I thought I had more time.

He’d always been invincible in my eyes as a child. The distance made his growing frailty easier to mask. I’d been too busy to look at the cracks appearing beneath the charade he gave me.

The old bar was his pride and joy. His life’s work. Home.

I’d spent hours in the office space behind the bar doing my homework while he worked. We’d lived in the tiny apartment upstairs. He’d given me his room when my parents died without a moment’s hesitation. Every night we’d pull out his couch-bed, and it had taken too long for me to recognise the sacrifices he’d made to give me a home.

What I’d have given for one more minute with him—to pull him into my arms and thank him the way I should have.

Instead of coming home to watch him being interred in the dirt, I should have come back to help him when he needed me.

The bar and its rag-tag bunch of old-timers were the only family he’d had at the end. He’d left it to me in his will, with the request that I keep it going.

My life was in London, though. I had no-one in Coal’s that I wanted to come back for. In England, I had John. It had only been six months, but it had been a good six months. My job was… well, it paid the bills. The pay increase that came with my move had seemed immense. I’d failed to realise the jump in living costs that moving to one of the world’s major cities would bring.

Sharing an apartment at twenty-nine wasn’t exactly unusual amongst my peers in London, but it was alien in the spacious town I’d grown up in.

So I was back to give Rusty’s a makeover, make enough to pay off the few debts the bar had, and see if I could sell the business to someone who Pop would have approved of.

My phone bleeped, and I fished it out of my pocket, smiling when John’s name popped up. It was a little less lonely knowing I had him only ever a text away.
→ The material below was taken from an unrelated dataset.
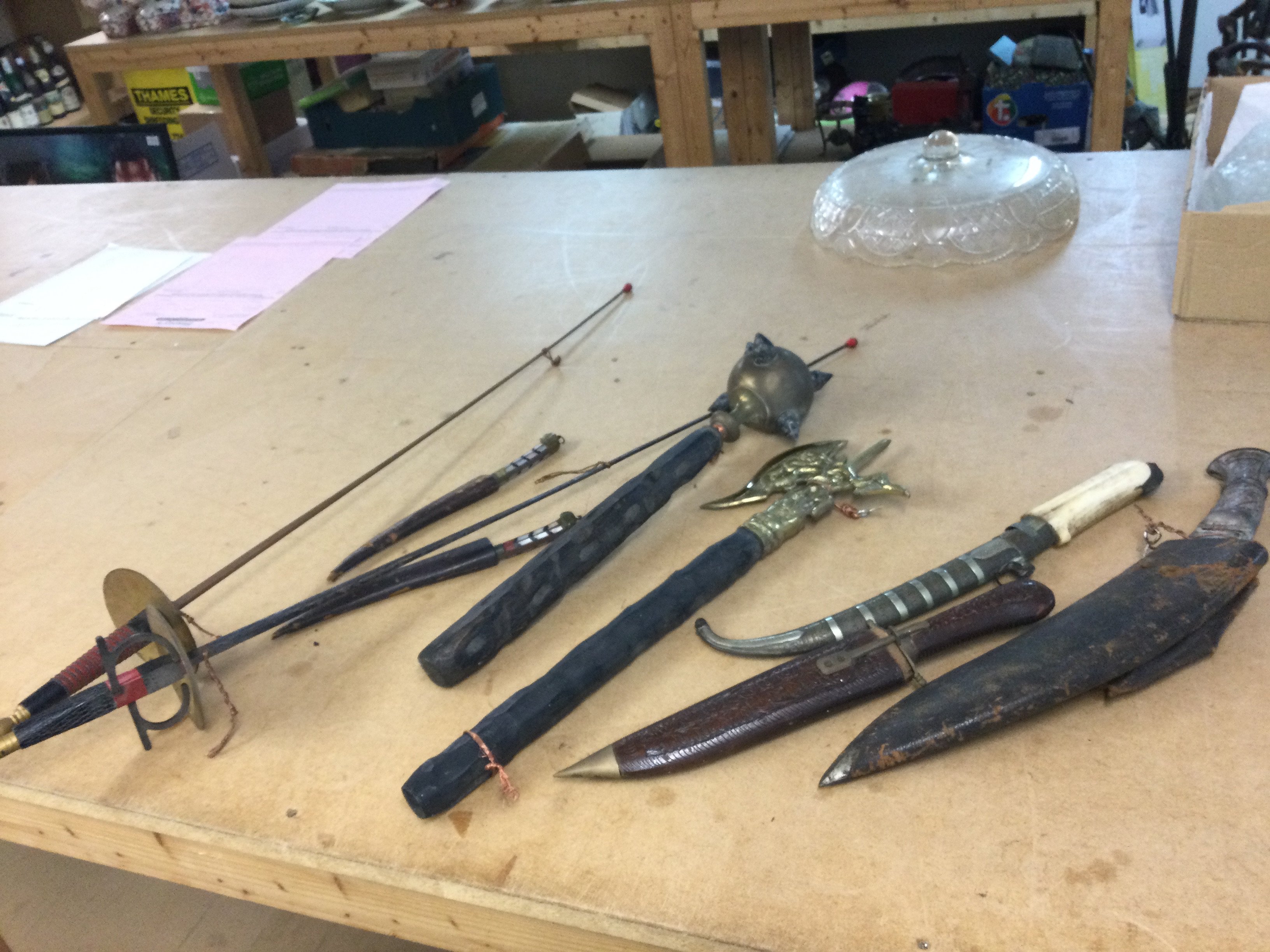 A collection of weaponry including a Mace, Fencing sabres, axe, Kurki, bone handled dagger. This lot cannot be posted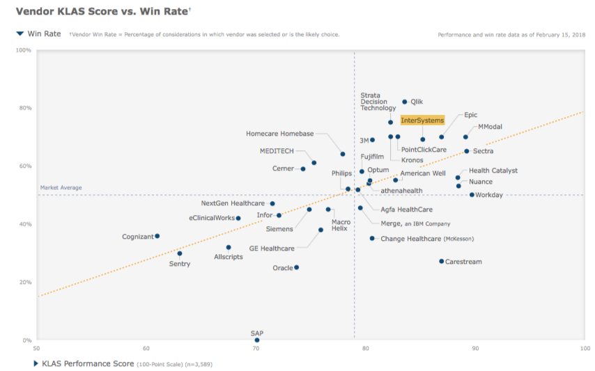Cambridge, MA, May 11, 2018 – InterSystems, a global leader in health information technology, today announced that KLAS Research has named the company an “A-list” vendor within KLAS’ newly released report, “Decision Insights 2018.” The analysis found that InterSystems has demonstrated a track record of high market energy, with high overall customer satisfaction and high customer retention scores.

Eva, I know that texting you like this makes me a bit of a bellend, but the long-distance thing isn’t working for me. I bumped into Anya last night, and we got to talking. I’m going to see how things go now that she’s back in touch. Sorry, luv.

I stared at the message as anger bubbled up through me, seeping out of my pores in a quiet rage that warmed me through.

Text?

Fucking TEXT?

I was burying my grandfather while my boyfriend was hitting on his ex?

In a burst of fury, I hurled my phone at the bar, watching it bounce off the old wood and skitter across the floor.

I stared at the phone as the dam broke and a tear rolled down my cheek, a sob escaped and finally, I cried.

Partly for my boyfriend turning into another unreliable pig, but mostly for my Pop and all the time I’d wasted. I’d spent six months in the arms of a man who’d callously tossed me aside without a second thought, while I could have spent them with the man who’d been my entire world.

I slid down onto the floor, my back pressed against the door, and buried my face in my hands, letting rivers of salty tears cascade over my fingers.